**Activity**
Repeat, word for word, every line from the line holding "本次为大家分享的是360加速球+U盘悬浮窗v13.0.0.1141" through the final line of the entries below. Skip all pictures.
──────────
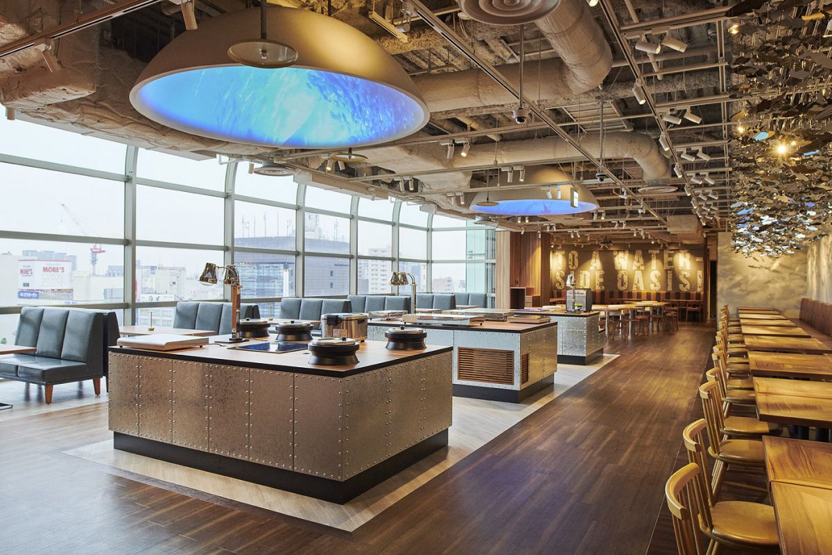 「川崎ルフロン」最上階の眺望を楽しめるビュッフェレストラン「AOW(エーオーダブリュー)」は、カワスイに集まる生きものたちの故郷で愛される世界各国の料理を提供。
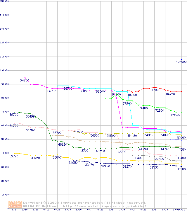 Socket A・FSB 266MHzの最安値推移
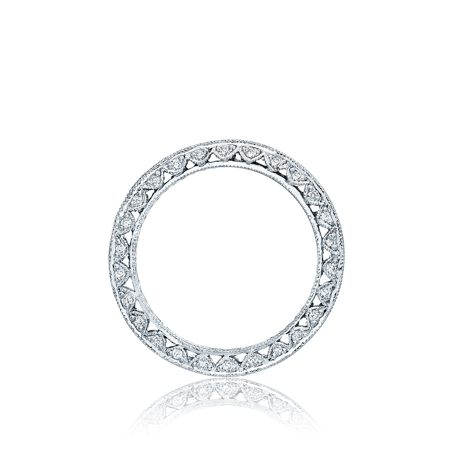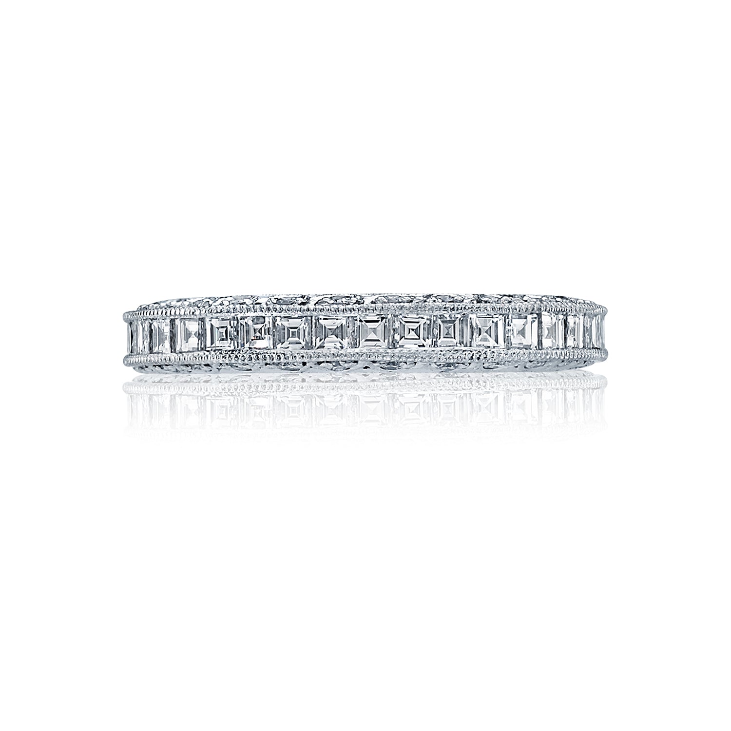 This 3.5mm Tacori Crescent Collection wedding band features princess channel-set diamonds all the way around the band and round pave-set diamonds accenting the crescent silhouette details.
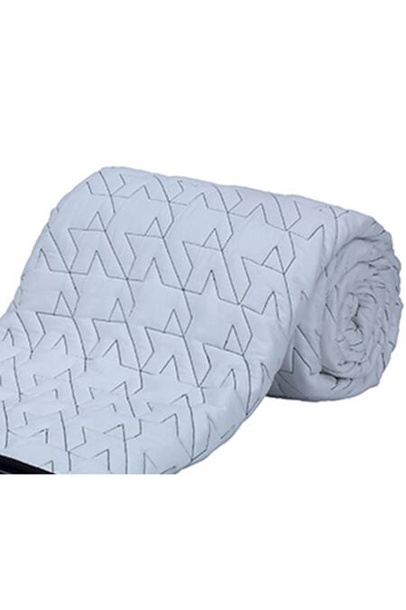 Off white quilt with geometric interconnected embroidered motifs & piping border.
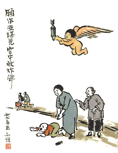 丰子恺早年憧憬的生活是:天下如一家,人们如家人,互相亲爱,互相帮助,共乐其生活。然而,日寇入侵,“蛮夷猾夏”,他的美好憧憬被战火所破灭。原本满怀护生戒杀慈悲之心的他义愤地呐喊:“只要不转乎沟壑,还可凭五寸不烂之笔对抗暴敌。”(《还我缘缘堂》)“古语云:‘众志成城’。我们四百兆人团结所成的城,是任何种炮火所不得攻破的!”(《爱护同胞》)自此,他便以笔为枪,开始了一个爱国艺术家的抗战作为。
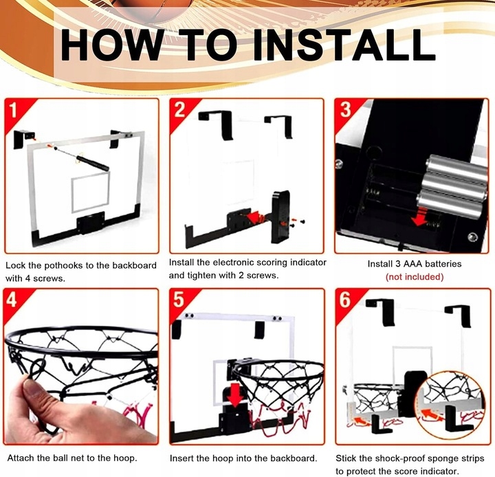 баскетбол в помещении поставляется с четкими инструкциями и всеми необходимыми инструментами. Повесьте его на стене или дверь своего офиса или дома, чтобы играть некоторое время и расслабиться. Легко отключить и экономит пространство для удобного хранения. Кроме того, он может быть установлен на верфи или на заборе
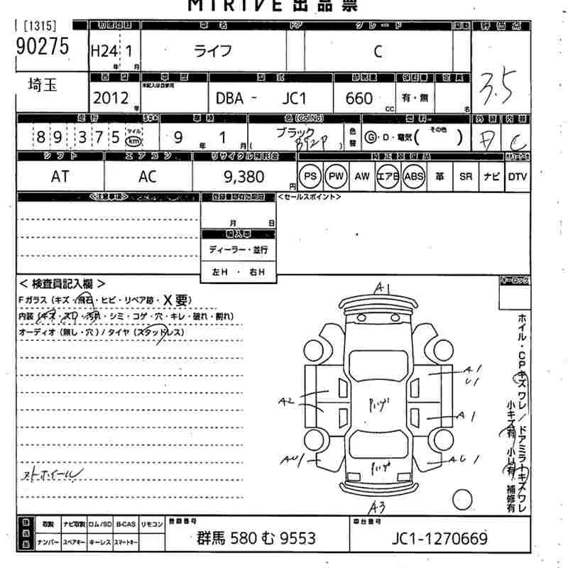 Honda LIFE с аукциона Японии MIRIVE Saitama лот № 90275
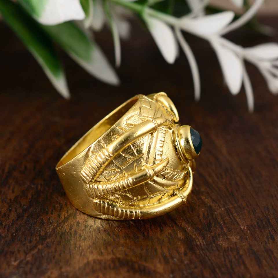 Vintage Women's Stainless Steel Finger Ring Creative Eagle Plumage Shape with Green Onyx Stone Inlay for Party
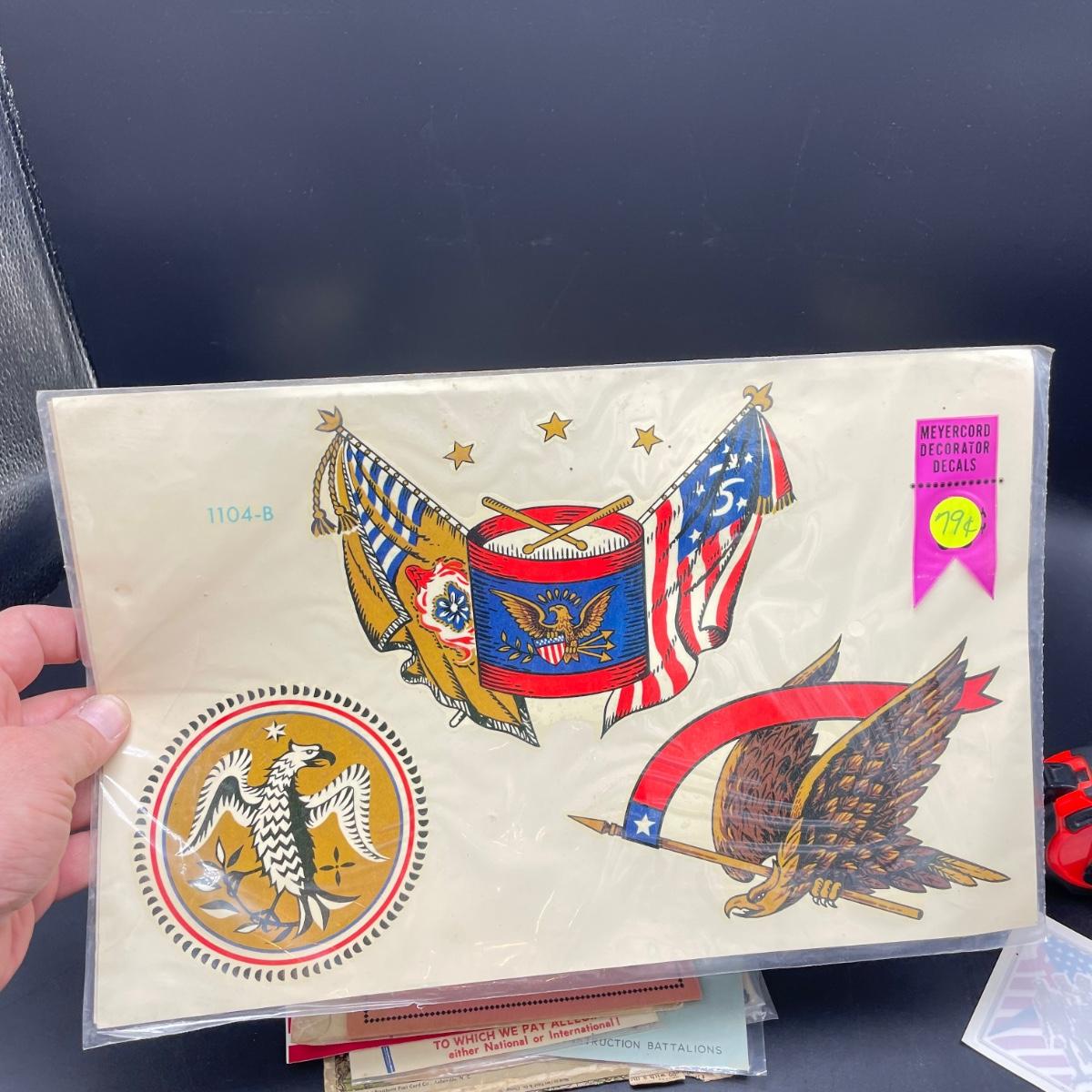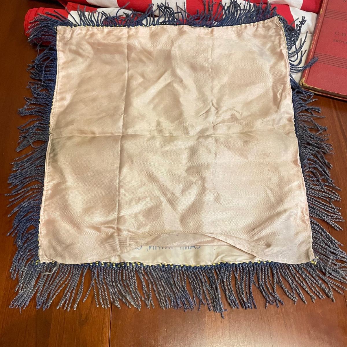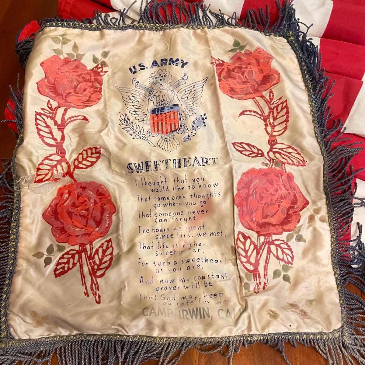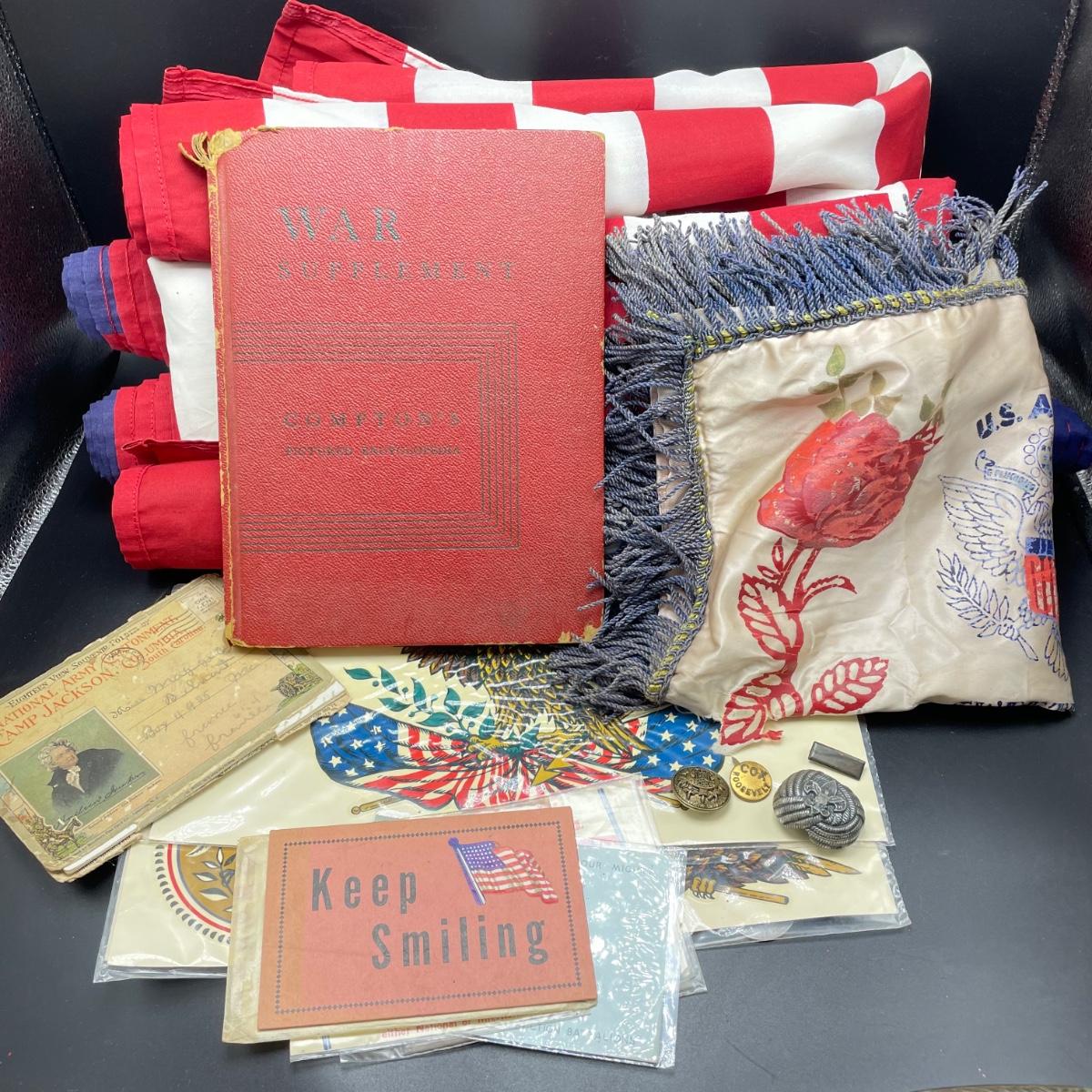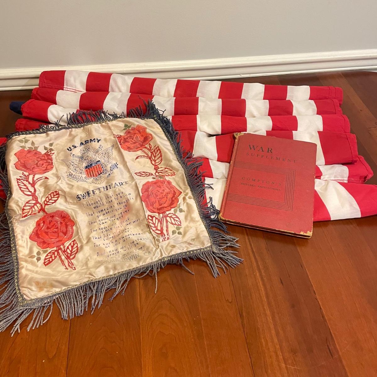 World War II pillowcase with amazing fringe and nice colors with a 1939 Compton’s War Supplement Pictured Encyclopedia. Lot also includes six 3’ x 5’ fifty star flags in amazing shape. American pins and buttons, including one sterling along with vintage decals and flags. See images. Shipping available.
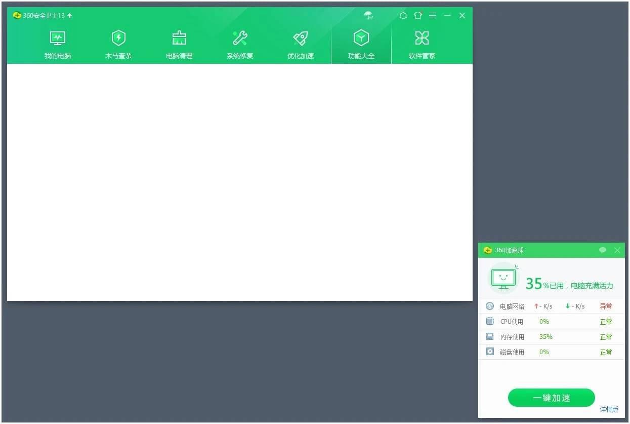 本次为大家分享的是360加速球+U盘悬浮窗v13.0.0.1141
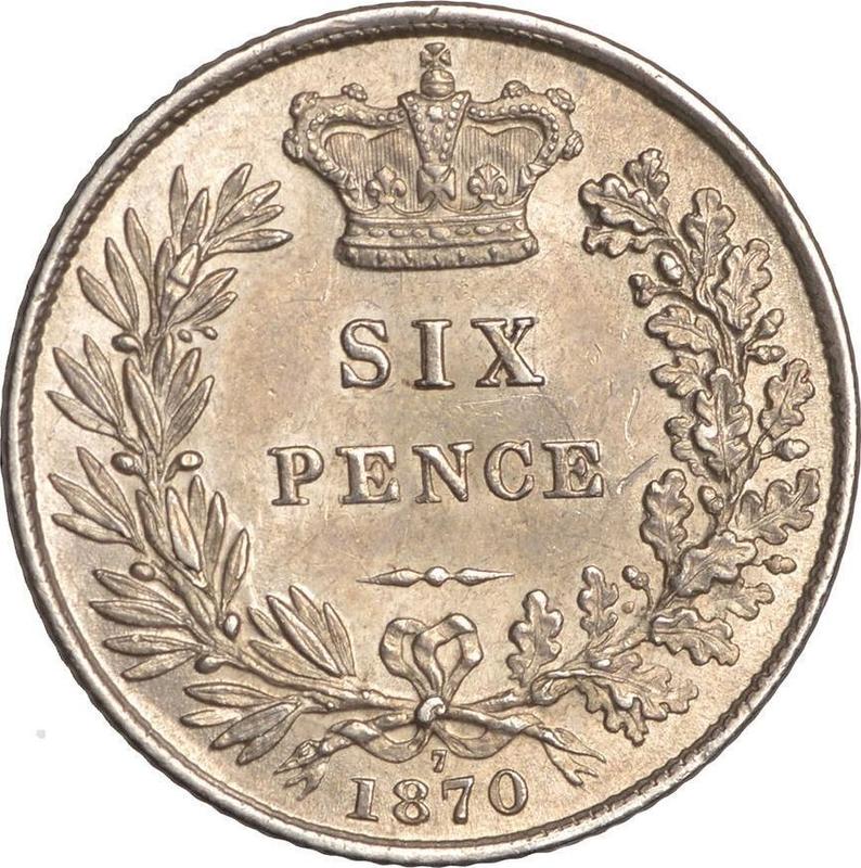Find out the current coin value of the British Sixpence 1870 . This silver coin from the times of Victoria. Wondering how much a coin like this is worth? The record price belongs to the lot 2409 sold at the Ira & Larry Goldberg Coins & Collectibles, Inc. auction for USD 1,380. Bidding took place May 28, 2006.
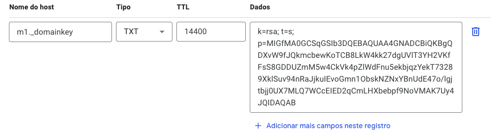 Em Dados, coloque v=DKIM1; k=rsa; p=MIGfMA0GCSqGSIb3DQEBAQUAA4GNADCBiQKBgQDt3un6gterEBhg9krK3rueyzEx8RG6TgFFsje34tzVlwDWKA3ywKWSiqx5rNSP/2G4jwUVKe0PIWRK9+GPnXBPMD2a+dVxcLA/EgPoXSQGAJX+0OHf2Il83DxgQfjfKn7MLUM1WLdwhRJ8EGWeN6E35AeFrW9++y0+y3c2BqXuaQIDAQAB;
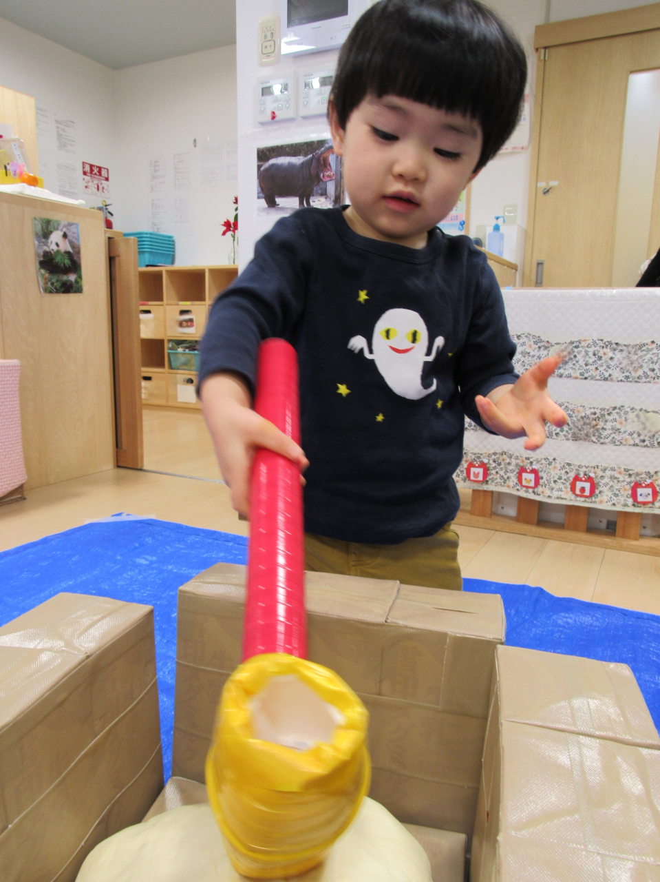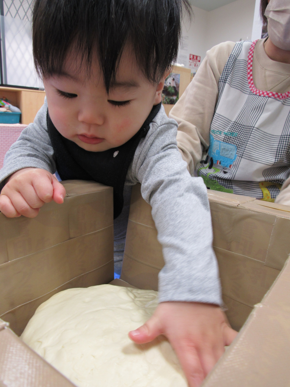 1歳児ことりグループ、0歳児どうぶつグループのお友だちはお部屋でおもちつきあそびをしました。
──────────
**Reply**
 本次为大家分享的是360加速球+U盘悬浮窗v13.0.0.1141
Find out the current coin value of the British Sixpence 1870 . This silver coin from the times of Victoria. Wondering how much a coin like this is worth? The record price belongs to the lot 2409 sold at the Ira & Larry Goldberg Coins & Collectibles, Inc. auction for USD 1,380. Bidding took place May 28, 2006.
 Em Dados, coloque v=DKIM1; k=rsa; p=MIGfMA0GCSqGSIb3DQEBAQUAA4GNADCBiQKBgQDt3un6gterEBhg9krK3rueyzEx8RG6TgFFsje34tzVlwDWKA3ywKWSiqx5rNSP/2G4jwUVKe0PIWRK9+GPnXBPMD2a+dVxcLA/EgPoXSQGAJX+0OHf2Il83DxgQfjfKn7MLUM1WLdwhRJ8EGWeN6E35AeFrW9++y0+y3c2BqXuaQIDAQAB;
 1歳児ことりグループ、0歳児どうぶつグループのお友だちはお部屋でおもちつきあそびをしました。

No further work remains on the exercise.